- **What this task involves**: Exactly retype the lines from the top of the data through the line containing "運動会本番に向けて、いよいよ", leaving out every picture.

- **Records to use**:
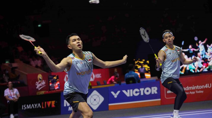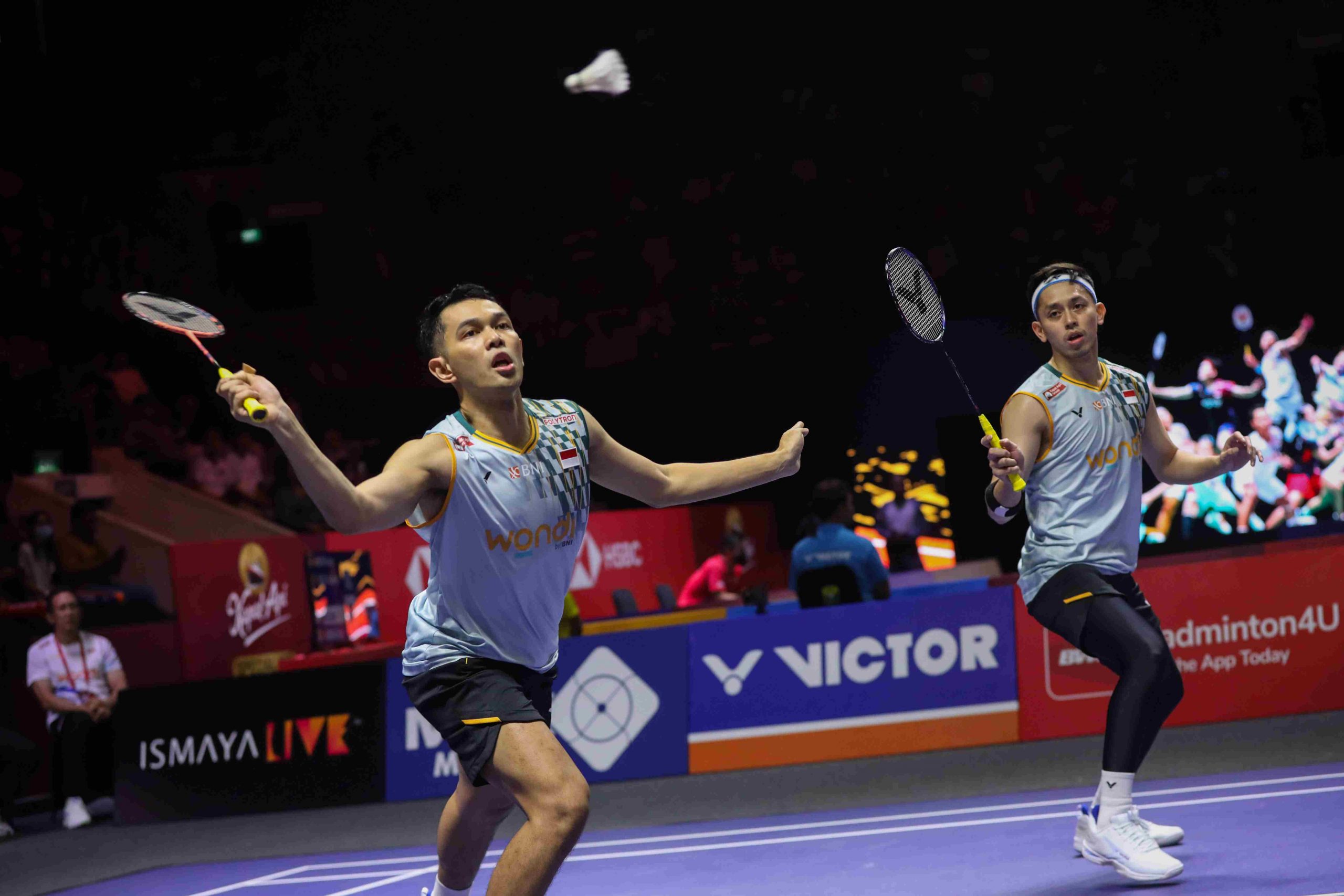 Pebulu tangkis ganda putra Indonesia Fajar Alfian/Muhammad Rian Ardianto berusaha mengembalikan kok ke arah pebulu tangkis ganda putra Denmark, Daniel Lundgaard/Mads Vestergaard, pada babak 32 besar Indonesia Open 2025 di Istora Senayan, Gelora Bung Karno (GBK), Jakarta, Rabu (4/6/2025). Ganda putra Indonesia Fajar/Rian melangkah ke babak selajutnya setelah menang dengan skor 21-10, 21-19. MI/RAMDANI/Ppj
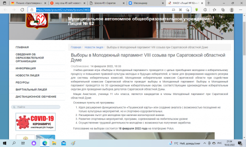 Жалоба на нарушения кандидатом сроков агитационного периода с приложением скриншотов отправлена в ТИК 18 февраля 2022 года, где чётко видно время, когда производилась съёмка экрана и когда были зафиксированы нарушения.Ночью после письма в ТИК материалы были убраны
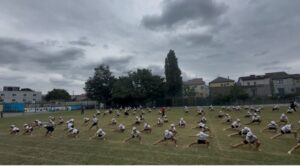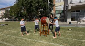 運動会本番に向けて、いよいよソーラン節の練習も大詰めになってきました。高学年として初めての運動会。「心身努笑(しんしんどしょう)」というスローガンを掲げ、全身で努力し最後に心から笑える演技にしようと練習に励んでいます。
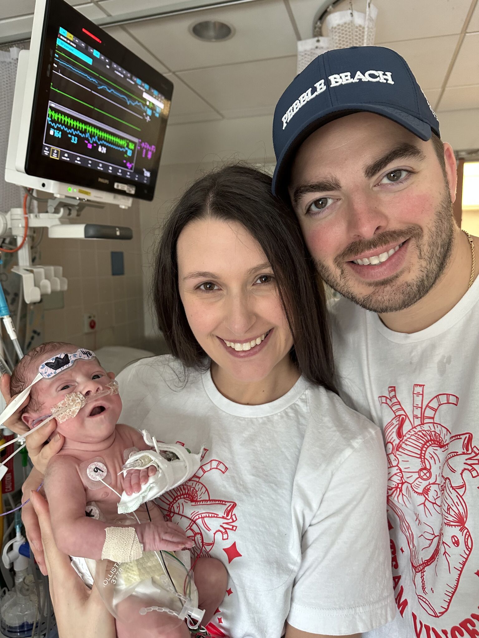 We lost our first pregnancy at just eight weeks, January of this year. In March, we found out we were pregnant with our “rainbow baby” on our 1 year wedding anniversary. We felt so blessed but also so scared knowing that we had just lost a baby and didn’t want experience that pain again. Every dr appt was filled with emotions, just waiting for the tech to confirm the heartbeat. At our 20 week anatomy scan, the tech checked all the organs and then went back to the heart and spent a good amount of time rescanning the heart, as silence filled the room. My husband and I both looked at eachother and knew something wasn’t right. We then heard the words, “there’s no easy way to say this but there is an abnormality with his heart, and we’re going to send you to a specialist for further testing”. Our heart’s dropped. Later that week we went to the specialist who diagnosed Vincenzo with “Tetrology of Fallot with Pulmonary Stenosis”. The week after we met with cardiology to discuss what this means and what his care would look like after birth. My husband and I just felt a huge weight on our shoulders but kept our faith and knew that God chose US to be his parents. A few weeks after this appt, I started having cramping which led to an ER overnight stay to make sure I wasn’t having contractions. A few days after that, I had a follow up appt with my OB. I told her about the cramping and that it felt it was getting worse. She wanted to do an exam and her words were “You are about 3cm dilated and in preterm labor. We need to get you to the hospital”. My husband and I were in shock and felt such a rush of adrenaline. We got checked into labor and delivery at 12:30 pm on August 12th. I was now 7cm dilated with contractions every few minutes. The whole thing felt like a dream and my husband and I kept having to tell ourselves we are having our son tonight.
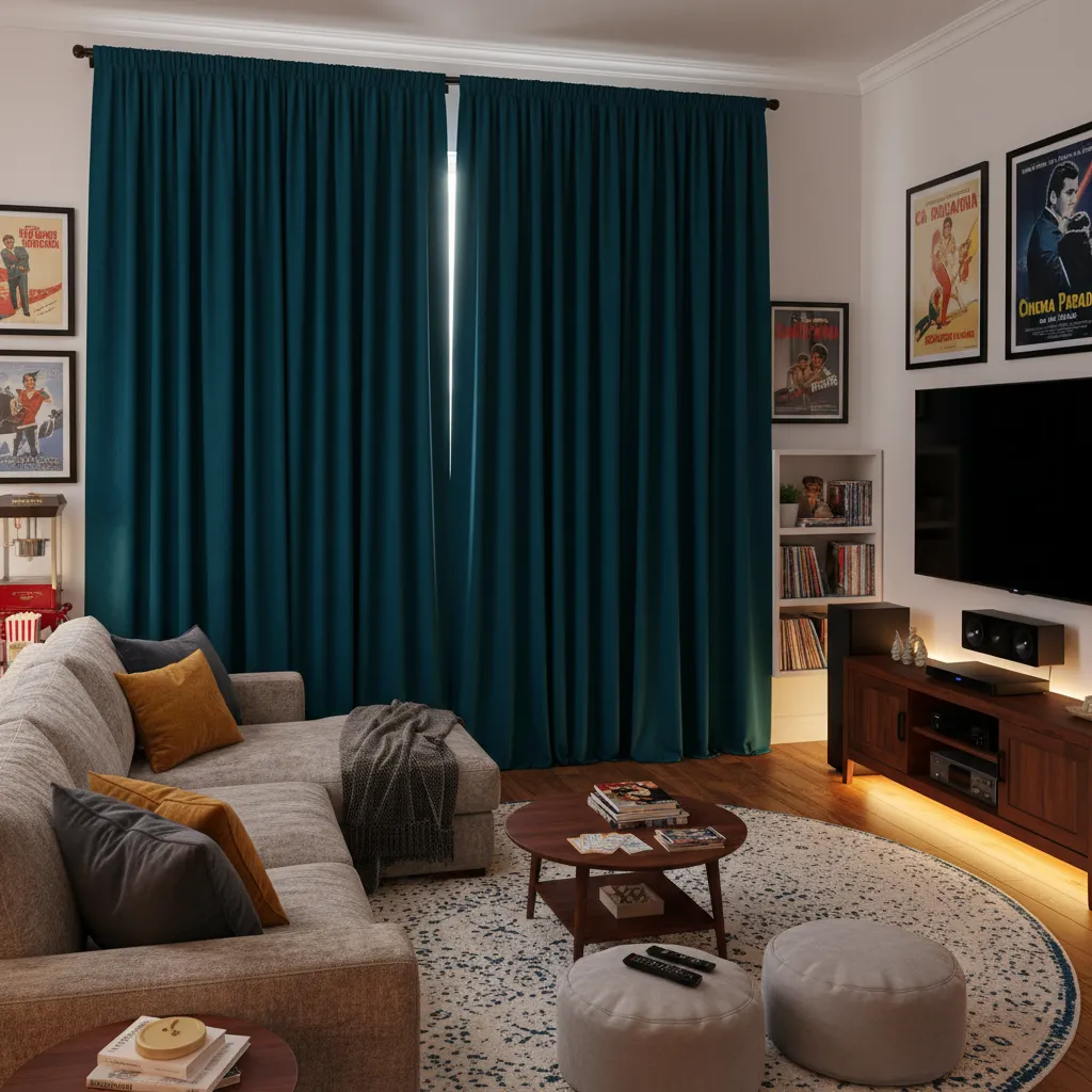 6. Teal Blackout Curtains for Movie Lovers
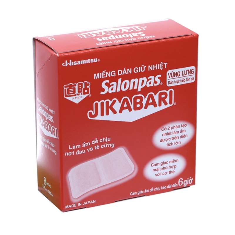 ✳️Miếng dán giữ nhiệt Salonpas Jikabari là miếng dán y tế, sinh nhiệt bằng phản ứng sắt với oxy trong không khí và chất xúc tác là muối giúp làm ấm cơ thể, cải thiện vùng tuần hoàn, kích thích tiêu hóa, làm giảm các triệu chứng mỏi cơ, cứng cơ, đau cơ và khó chịu trong chu kỳ kinh nguyệt, đau dây thần kinh.✳️Công dụng:Cải thiện tuần hoàn máu.Làm giảm các triệu chứng mỏi cơ, cứng cơ, đau cơ và khó chịu trong chu kỳ kinh nguyệt, đau dây thần kinh.Kích thích hoạt động đường tiêu hoá.Làm ấm cơ thể.✳️Hướng dẫn sử dụng: Gỡ bỏ miếng phim ở mặt sau và dán miếng dán vào nơi cần làm ấm 1 ngày 1 lần trong 6 giờ.✳️Thận trọng:Chỉ sử dụng theo như hướng dẫn.Không cắt, chà, gấp hoặc xé miếng dán.Nếu phần bên trong của miếng dán tiếp xúc trực tiếp với da, lau sạch bằng khăn ướt hoặc rửa sạch.Không làm ẩm miếng dán bằng nước.Gỡ miếng dán khỏi da trước khi tắm.Không dán liên tục cùng một vị trí nếu bạn có da nhạy cảm.Chỉ sử dụng mỗi miếng dán 1 lần.Ngưng sử dụng và hỏi ý kiến Bác sĩ hoặc Dược sĩ nếu nổi mụn, ngứa, đỏ da, hoặc kích ứng da quá mức xảy ra.✳️Bảo quản:Nơi khô ráo thoáng mát, tránh ánh nắng trực tiếp. Để xa tầm tay trẻ em.Sử dụng miếng dán ngay khi mở bao bì, vì miếng dán sẽ sinh nhiệt khi bao bì được mở ra.Đảm bảo chắc chắn miếng dán đã hoàn toàn mát sau khi sử dụng và được bỏ đi như là rác không cháy.✳️Xuất xứ thương hiệu: Nhật Bản✳️Sản xuất tại: Nhật Bản#JIKABARI #salonpas #hisamistu

- **Result of this exercise**:
 Pebulu tangkis ganda putra Indonesia Fajar Alfian/Muhammad Rian Ardianto berusaha mengembalikan kok ke arah pebulu tangkis ganda putra Denmark, Daniel Lundgaard/Mads Vestergaard, pada babak 32 besar Indonesia Open 2025 di Istora Senayan, Gelora Bung Karno (GBK), Jakarta, Rabu (4/6/2025). Ganda putra Indonesia Fajar/Rian melangkah ke babak selajutnya setelah menang dengan skor 21-10, 21-19. MI/RAMDANI/Ppj
 Жалоба на нарушения кандидатом сроков агитационного периода с приложением скриншотов отправлена в ТИК 18 февраля 2022 года, где чётко видно время, когда производилась съёмка экрана и когда были зафиксированы нарушения.Ночью после письма в ТИК материалы были убраны
 運動会本番に向けて、いよいよソーラン節の練習も大詰めになってきました。高学年として初めての運動会。「心身努笑(しんしんどしょう)」というスローガンを掲げ、全身で努力し最後に心から笑える演技にしようと練習に励んでいます。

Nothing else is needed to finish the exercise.